For simplicity of notation, we can represent the parameter $\eta_i = \langle \vx_{\inv,i}, \gamma \rangle $.
Then the new environmental risk is the negative log-likelihood for the conditional pdf. If we use $D_n = \bigcup_{e\in \cE}\{(\vx^e_i, y_i)\}_{i=1}^{n_e} $ to be the entire dataset across different parameters,
\begin{align}
    \label{eqn:loss-glm}
    \cR^e (\beta, D_n) 
    &= -\frac{1}{n} \sum_{e\in \cE}\sum_{i=1}^{n_e} y_i \vx^e_i
    +\frac{1}{n} \sum_{e\in \cE} \sum_{i=1}^{n_e} \vx^e_i
    \frac{\partial \varphi\left(\left\langle\beta_\inv^*, \vx^e_i\right\rangle\right)}
    {\partial \eta_i}
    %
    \nonumber \\
    &=\frac{1}{n} \sum_{e\in \cE}
    \sum_{i=1}^{n_e} 
    \vx^e_i\left(E\left[y_i \mid \vx^e_i\right]-y_i\right)
    \nonumber
    \\
    &=\frac{1}{n} X^\top \left(E\left[y_i \mid \vx^e_i\right]-y_i\right).
\end{align}
We present the conditional Bernoulli distribution example \citep{banerjee2015estimation,Dunn2018-tj}. 
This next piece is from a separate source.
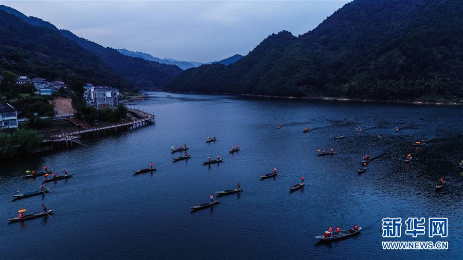 9月25日,在宋村鄉(xiāng)云源港的水面上,漁民劃著漁船,船頭點(diǎn)亮漁燈,構(gòu)成一幅“漁舟唱晚、萬家燈火”的美麗圖景,與沿湖民宿群落交相輝映(無人機(jī)拍攝)。  新華社記者 徐昱 攝

Using parameter $p_i$ for the conditional mean,  
\begin{align}
    P(y_i, | p_i) &=  p_i^{y_i}\left(1-p_i\right)^{\left(1-y_i\right)}
    \nonumber \\
    % &=\exp \left(y_i \log p_i+\left(1-y_i\right) \log \left(1-p_i\right)\right)
    &=\exp \left(y_i \log \left(\frac{p_i}{1-p_i}\right)+\log \left(1-p_i\right)\right).
\end{align}
Then the parameter $\eta_i =\langle \vx_{\inv,i}, \gamma \rangle = \log \ps { \frac{p_i}{1-p_i}} $. We then end up with logistic regression, where 
\begin{equation}
\label{eqn:logistic-reg}
p_i = \frac{\exp(\langle \vx_{\inv,i}, \gamma \rangle) }{ 1 + \exp(\langle \vx_{\inv,i}, \gamma \rangle)}.
\end{equation}
In this case the link function is $\log (1-p_i)$.
We emphasize in this setting that this only depends on the invariant features $\vx_\inv^e$ and not those of the spurious. 

The corresponding IRM penalty term is then 
\begin{equation}
\label{eqn:ber-penalty}
    \cJ (\beta) = \sum_{e\in \cE} \max_{\beta^e_S \in \Sp (S)} [\cR^e (\beta_S) - \cR^e(\beta^e_S) ].
\end{equation}

By showing RSC and RSS for the loss function $\sum_{e\in \cE}\cR^e(\beta) + \rho \cJ(\beta)$, we can recover \Cref{thm:info-theory}.